Als juist is dat, zoals belanghebbende klaarblijkelijk bedoelt te stellen, hij voorheen steeds in zijn aangifte het standpunt heeft ingenomen dat sprake is van winst uit onderneming, betekent dat niet dat de Inspecteur voor het onderhavige jaar gehouden is dat standpunt te volgen.

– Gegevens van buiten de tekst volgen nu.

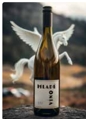
13. listopadu 2026 Svěcení mladých vín

Als een dergelijke rubricering naar de mening van de Inspecteur onjuist is maar geen gevolgen voor de belastingheffing heeft, wordt vaak de aangifte gevolgd zonder dat de belastingplichtige ervan op de hoogte wordt gesteld dat de Inspecteur de rubricering niet juist acht.’

Het Hof heeft omtrent het geschil overwogen:

‘1. dat het Hof het uiteindelijk standpunt van belanghebbende aldus verstaat dat hij van oordeel is dat hij voor wat betreft het honorarium voor de behandeling van de kantoorzaken geen winst uit onderneming geniet maar voor wat betreft het honorarium voor de behandeling van de eigen zaken wel;

2.  dat het Hof met belanghebbende van oordeel is dat het honorarium ter zake van de behandeling van de kantoorzaken niet als winst uit onderneming is aan te merken, omdat

- de huisvesting en de overige faciliteiten die belanghebbende voor de behandeling van die zaken nodig heeft door het kantoor worden verstrekt

- de declaraties van de honoraria voor de behandeling van die zaken door het kantoor worden uitgeschreven en geïnd voor rekening van het kantoor en belanghebbenden daarvoor geen debiteurenrisico loopt

- belanghebbende de ter zake van de behandeling van die zaken te maken reis- en verblijfkosten worden vergoed door het kantoor, en

- belanghebbende ter zake van de behandeling van die zaken een vaste maandelijkse vergoeding ontvangt met betrekking tot de ontvangst waarvan hij, het tegendeel is niet gesteld of gebleken, geen risico loopt;

3.  dat belanghebbende stelt dat de honoraria voor de behandeling van de eigen zaken wel als winst uit onderneming zijn aan te merken;

4.  dat het Hof van oordeel is dat geen sprake is van winst uit onderneming, op grond van de volgende feiten en omstandigheden, elk op zich en in onderling verband bezien

- de ontvangsten uit die zaken maken slechts een gering deel uit, nog geen 14%, van de totale ontvangsten uit de werkzaamheden van belanghebbende als advocaat en belanghebbende heeft niet gesteld, laat staan dat aannemelijk is geworden, dat hij er naar streeft het aandeel van de eigen zaken in verhouding tot het aandeel van de kantoorzaken aanzienlijk te vergroten

- de met de behandeling van de eigen zaken gemoeide tijd is gering in verhouding tot de totale werktijd van belanghebbende, waarbij het Hof als juist aanvaardt de stelling van belanghebbende dat hij aan de eigen zaken 15 tot 20% van zijn werktijd besteedt

- ook voor de behandeling van de eigen zaken maakt hij gebruik van de huisvesting en overige faciliteiten van het kantoor en wel tegen een vergoeding van 1/3 deel van de verdiende honoraria na aftrek van de griffie- en gerechtskosten, en

- de honoraria voor de behandeling van de eigen zaken worden via het kantoor gedeclareerd en geïnd, zij het dat op het briefpapier van het kantoor onder de declaratie ook de naam en handtekening van belanghebbende wordt vermeld;

5.  dat het feit dat belanghebbende een eigen verantwoordelijkheid heeft voor zijn werkzaamheden aan vorenstaand oordeel niet in de weg staat, ook niet wanneer eventueel die verantwoordelijkheid bij de eigen zaken uitgebreider zou zijn dan bij de kantoorzaken;

6.  dat ook het feit dat belanghebbende voor de eigen zaken kosten maakt, onder meer voor het gebruik van een personenauto en een werkkamer in de eigen woning, aan vorenstaand oordeel niet in de weg staat, waarbij wordt opgemerkt dat die kosten voor zover gemaakt voor de kantoorzaken het karakter van aftrekbare kosten drukkende op de inkomsten uit arbeid dragen, en in elk geval het feit dat die kosten zijn gemaakt niet meebrengt dat belanghebbende winst uit onderneming heeft genoten;

7.  dat ook al het overige door belanghebbende aangevoerde niet kan afdoen aan het in rechtsoverweging 4 weergegeven oordeel;

8.  dat de grief van belanghebbende ongegrond is zodat als volgt moet worden beslist.’

Op die gronden heeft het Hof de uitspraak waarvan beroep bevestigd.